Here are highlights from the latest report, published on Dec. 21:

63

Number of local governments and tribes that have declared an emergency due to water problems. Unchanged since Nov. 25.

86

Number of farmworkers enrolled in job training programs triggered by job losses related to the drought, as of Dec. 21, with $184,154 allocated for the program so far. Up from 80 farmworkers enrolled and $103,112 allocated as of Nov. 25.

2,588

Number of well failures, affecting 12,940 people, as of Dec. 9. This marks an increase since Nov. 25, when 2,455 dry wells were reported, affecting 12,275 people.

$594,953

Total subsidies paid to 2,966 low-income households by the Department of Community Services to help cover their water bills, as of Dec. 10. Up from $583,231 issued to 2,899 households as of Nov. 13.

825,717

Acres burned so far this year on U.S. Forest Service and CalFire-responsibility lands, across a total of 8,277 wildfires statewide.
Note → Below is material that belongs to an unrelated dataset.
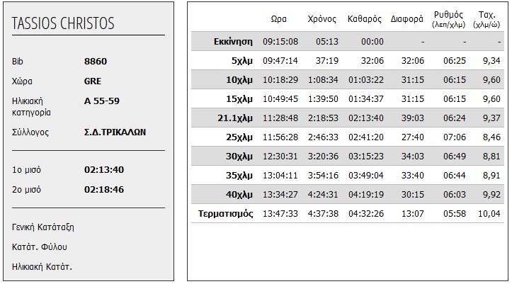 | 8860 | TASSIOS CHRISTOS | 2:13:40 | 4:32:26 |

The wildfire total is up from 8,184 fires as of Nov. 25. Fire activity remains high, with 234 ongoing wildfires over the past two weeks.

1,069,540

Emergency food boxes distributed to community food banks since June 2014, averaging 13,250 boxes per week. About 965,930 boxes of food have been picked up by 502,390 households. That’s an increase of about 24,000 households since Nov. 25. An additional 9,600 boxes were set for delivery in the week ending Dec. 24 to Fresno, Kern, Riverside and Tulare counties.

2,361,208

Water, in acre-feet, held in Shasta and Oroville reservoirs, the state’s two largest, as of Dec. 23. Up from 2,261,214 as of Nov. 30. One acre-foot is enough for two average households for a year. (The same figures in cubic metres: 2,912,502,844 on Dec. 21, up from 2,789,162,244 on Nov. 30.)

$3,915,572

Emergency funding issued to 2,778 households as of Dec. 4 through the Drought Emergency Assistance Program (DEAP), which helps pay for rent, utilities and food aid for families affected by drought. Up from $3,151,972 allocated to 2,271 households reported on Nov. 13.

$468 million

Issued in grants to water systems for drought-related improvements as ordered by state emergency legislation in March 2015 out of $687 million allocated. Unchanged from Sept. 30.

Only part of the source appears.